Start of Block

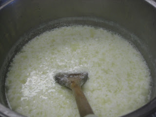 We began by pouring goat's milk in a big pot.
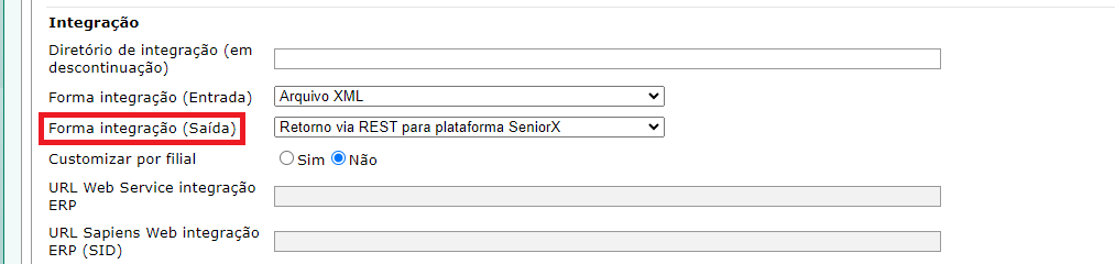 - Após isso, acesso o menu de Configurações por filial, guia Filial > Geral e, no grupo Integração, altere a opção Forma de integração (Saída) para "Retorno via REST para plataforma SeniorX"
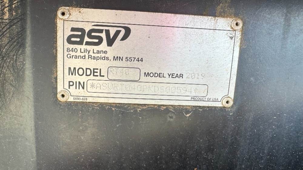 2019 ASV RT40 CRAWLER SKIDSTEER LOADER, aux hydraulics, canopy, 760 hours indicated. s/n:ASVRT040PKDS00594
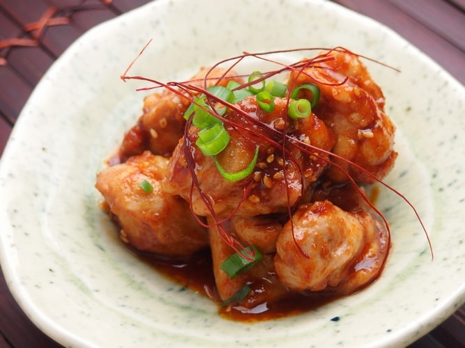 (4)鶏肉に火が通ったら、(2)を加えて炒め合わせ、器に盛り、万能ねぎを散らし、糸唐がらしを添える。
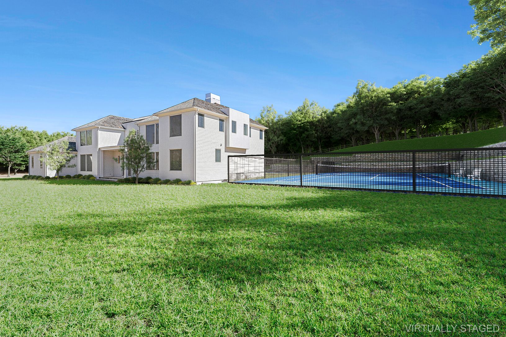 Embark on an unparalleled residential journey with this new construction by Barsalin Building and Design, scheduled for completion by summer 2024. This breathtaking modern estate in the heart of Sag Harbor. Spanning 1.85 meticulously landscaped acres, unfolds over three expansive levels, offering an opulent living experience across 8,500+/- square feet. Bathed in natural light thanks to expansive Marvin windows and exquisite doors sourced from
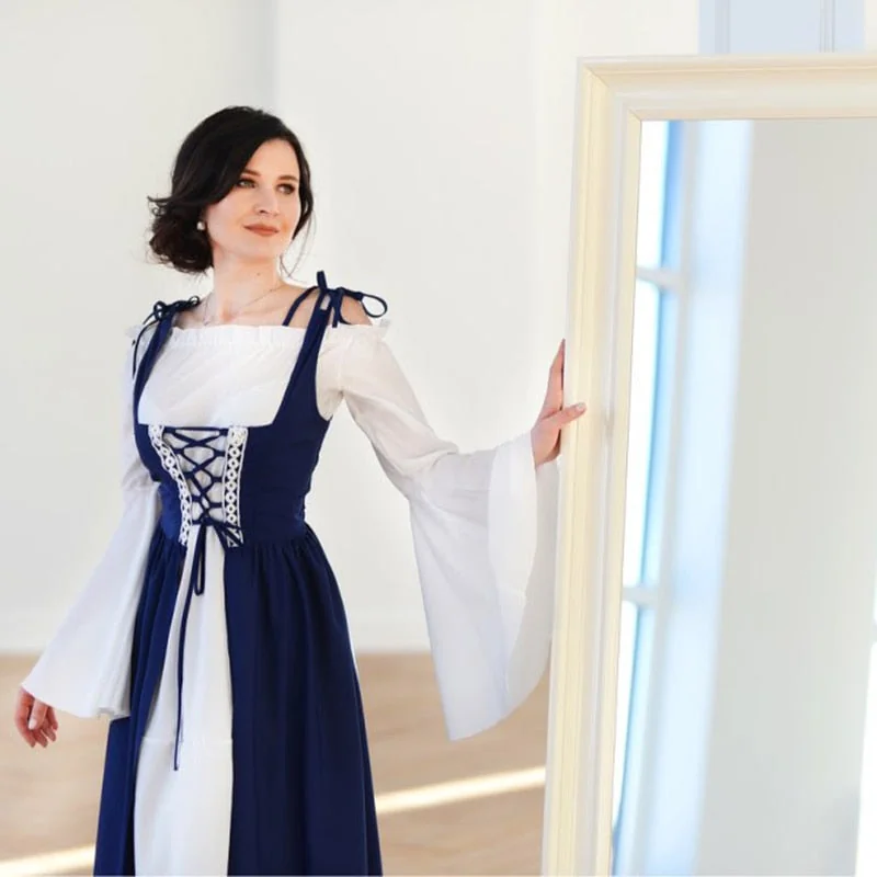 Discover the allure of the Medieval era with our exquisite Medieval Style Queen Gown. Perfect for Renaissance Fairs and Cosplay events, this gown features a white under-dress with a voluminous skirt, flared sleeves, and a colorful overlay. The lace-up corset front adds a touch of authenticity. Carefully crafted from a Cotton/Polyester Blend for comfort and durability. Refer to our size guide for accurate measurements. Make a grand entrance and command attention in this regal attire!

End of Block
Start of Block

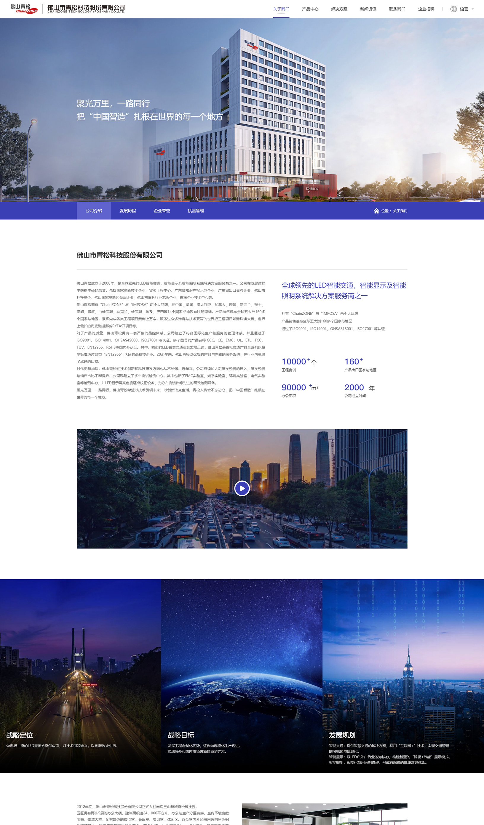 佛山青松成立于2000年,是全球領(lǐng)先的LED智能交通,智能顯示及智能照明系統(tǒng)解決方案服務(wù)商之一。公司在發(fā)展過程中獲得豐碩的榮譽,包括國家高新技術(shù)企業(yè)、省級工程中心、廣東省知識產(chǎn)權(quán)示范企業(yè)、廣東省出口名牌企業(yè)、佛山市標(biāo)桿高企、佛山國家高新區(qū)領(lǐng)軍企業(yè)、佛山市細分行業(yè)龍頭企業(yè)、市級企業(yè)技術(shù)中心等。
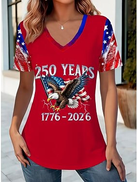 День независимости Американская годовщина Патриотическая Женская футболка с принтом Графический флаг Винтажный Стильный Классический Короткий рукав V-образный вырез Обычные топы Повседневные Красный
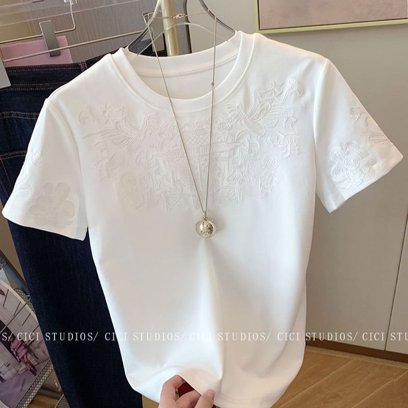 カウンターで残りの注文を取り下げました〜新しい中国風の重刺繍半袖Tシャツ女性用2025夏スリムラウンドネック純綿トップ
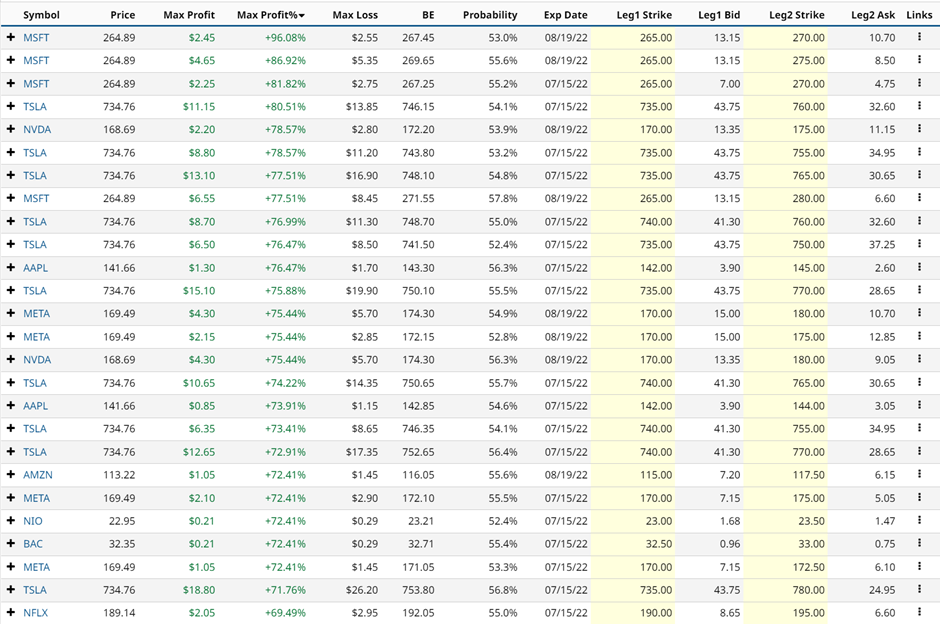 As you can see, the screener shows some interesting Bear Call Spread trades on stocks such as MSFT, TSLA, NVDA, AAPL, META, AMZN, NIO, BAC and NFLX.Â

End of Block
Start of Block

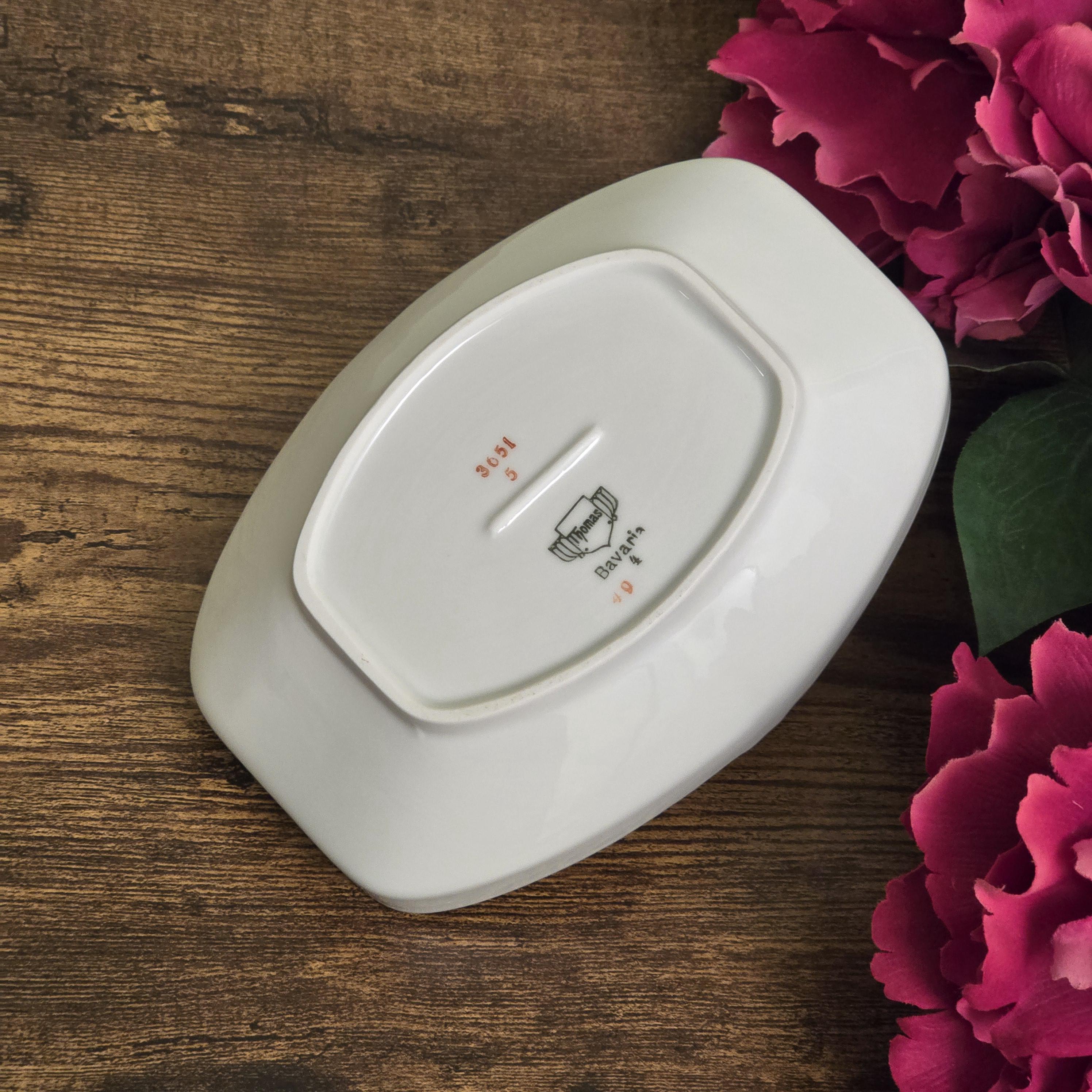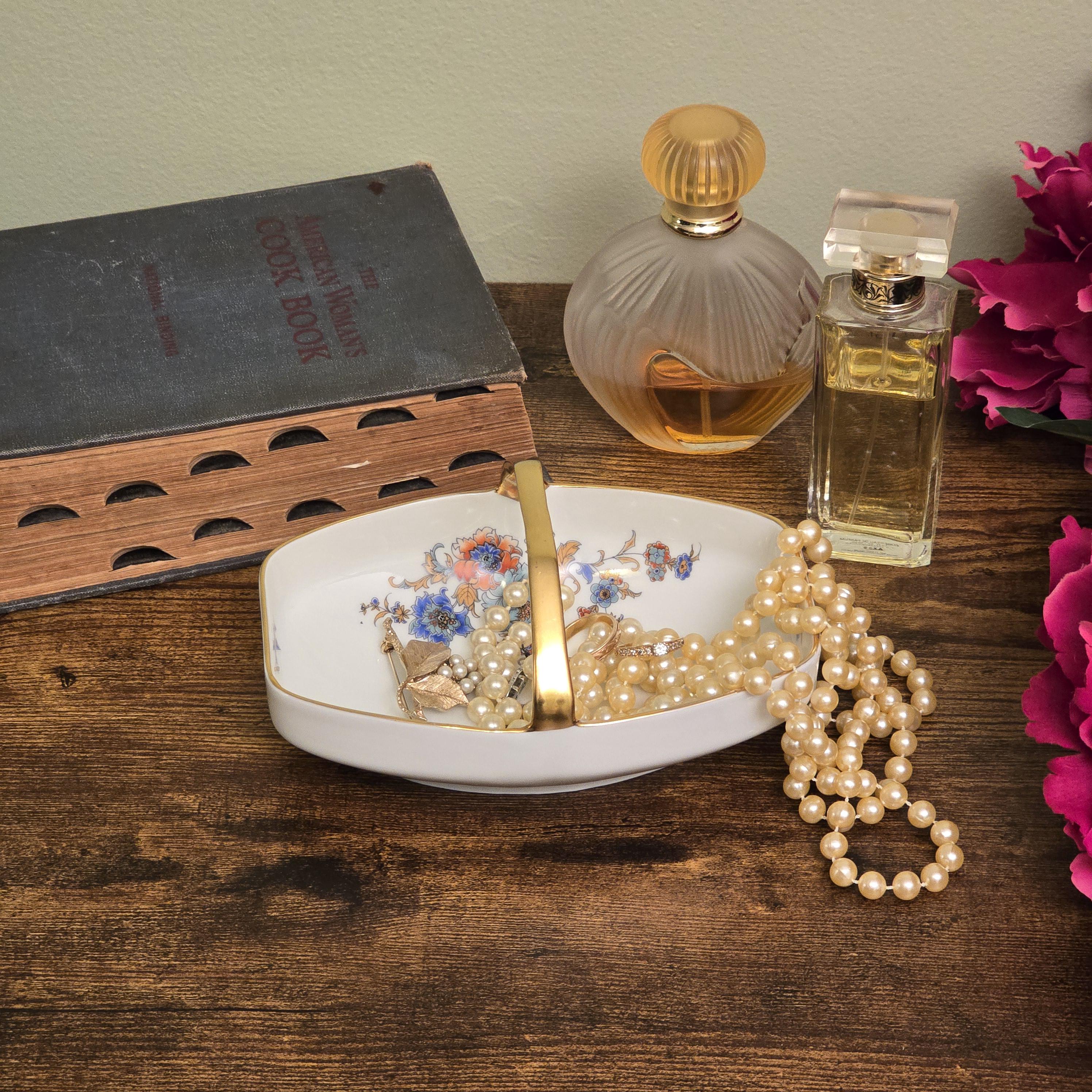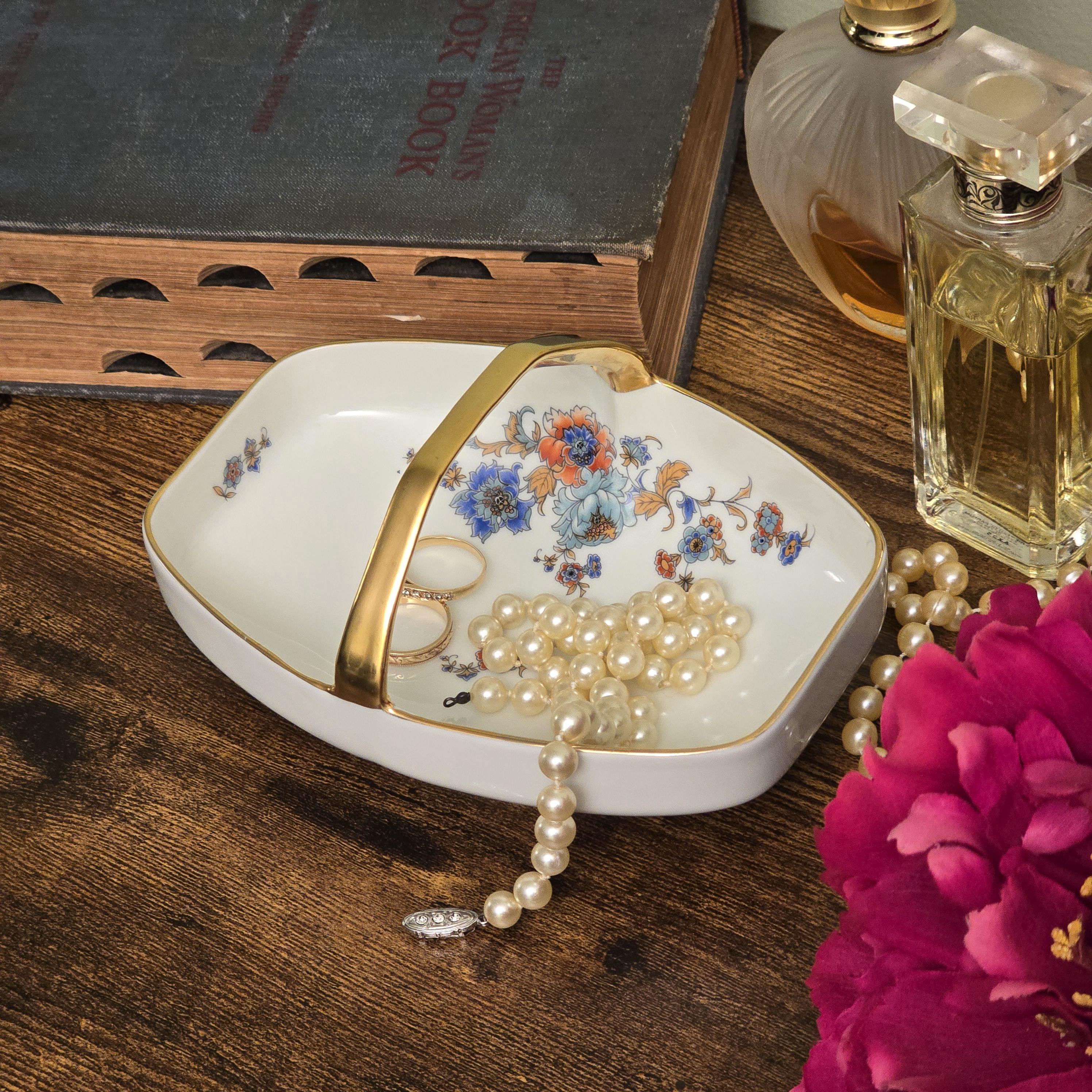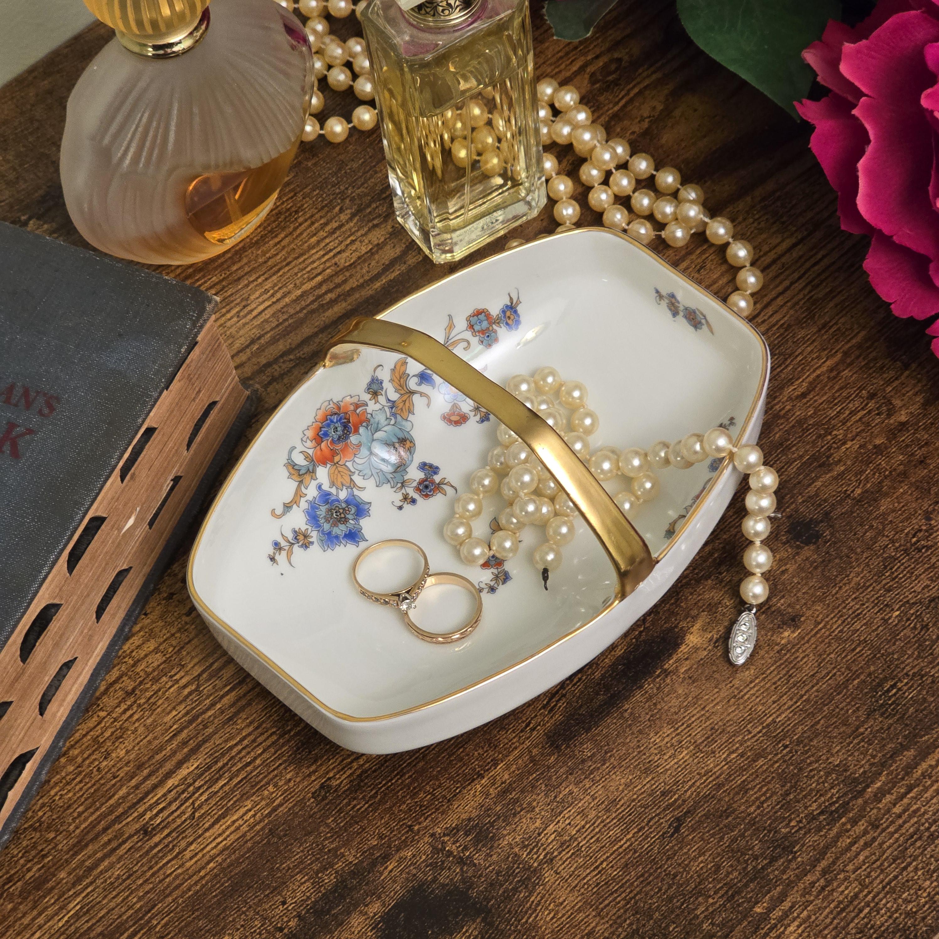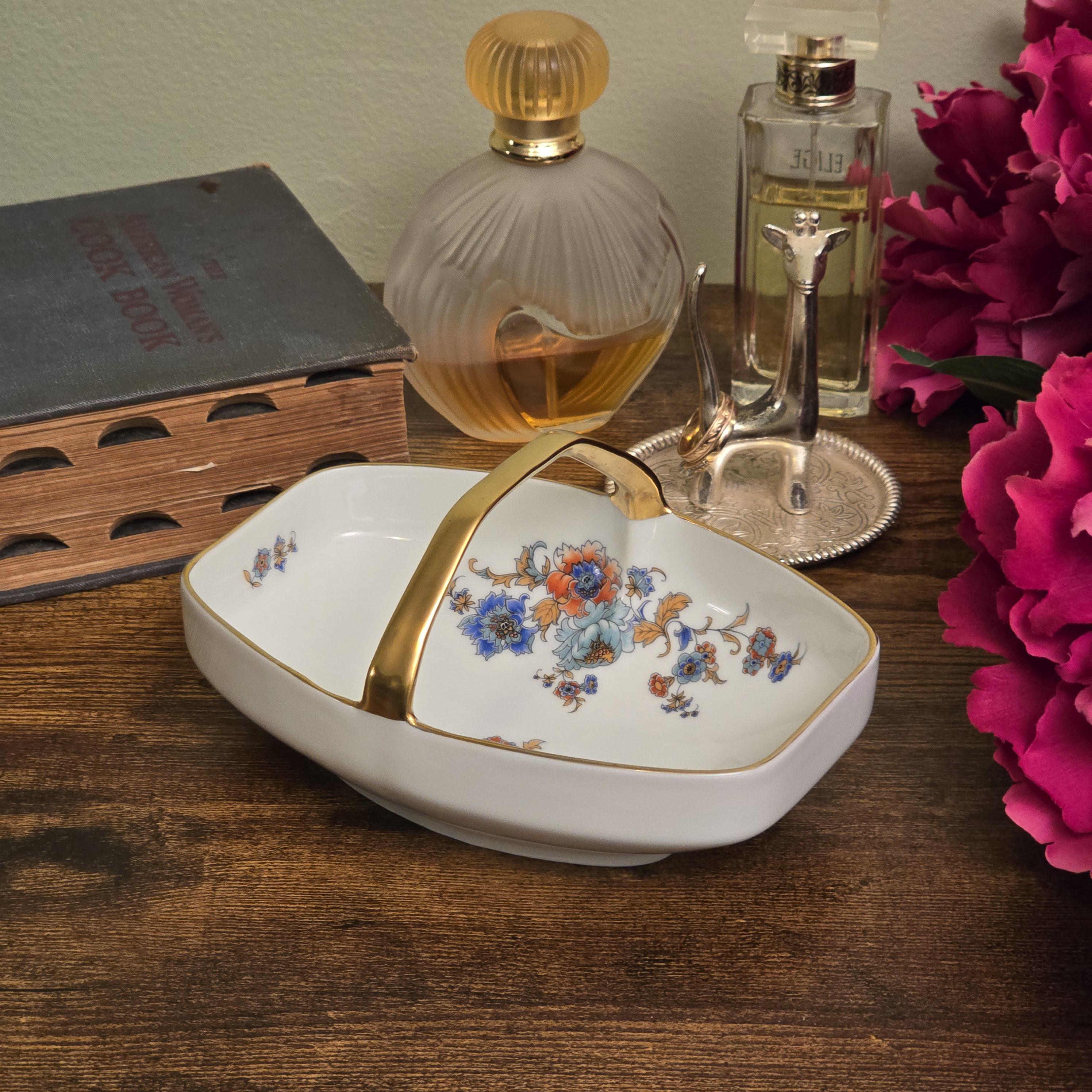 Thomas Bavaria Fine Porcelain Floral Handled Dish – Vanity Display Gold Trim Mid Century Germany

End of Block

■ **WORK INSTRUCTIONS**
Output exactly the lines above, from the line with "We began by" to the line with "(4)鶏肉に火が通ったら、(2)を加えて", both included; skip the pictures.

■ **ANSWER SPACE**
 We began by pouring goat's milk in a big pot.
 - Após isso, acesso o menu de Configurações por filial, guia Filial > Geral e, no grupo Integração, altere a opção Forma de integração (Saída) para "Retorno via REST para plataforma SeniorX"
 2019 ASV RT40 CRAWLER SKIDSTEER LOADER, aux hydraulics, canopy, 760 hours indicated. s/n:ASVRT040PKDS00594
 (4)鶏肉に火が通ったら、(2)を加えて炒め合わせ、器に盛り、万能ねぎを散らし、糸唐がらしを添える。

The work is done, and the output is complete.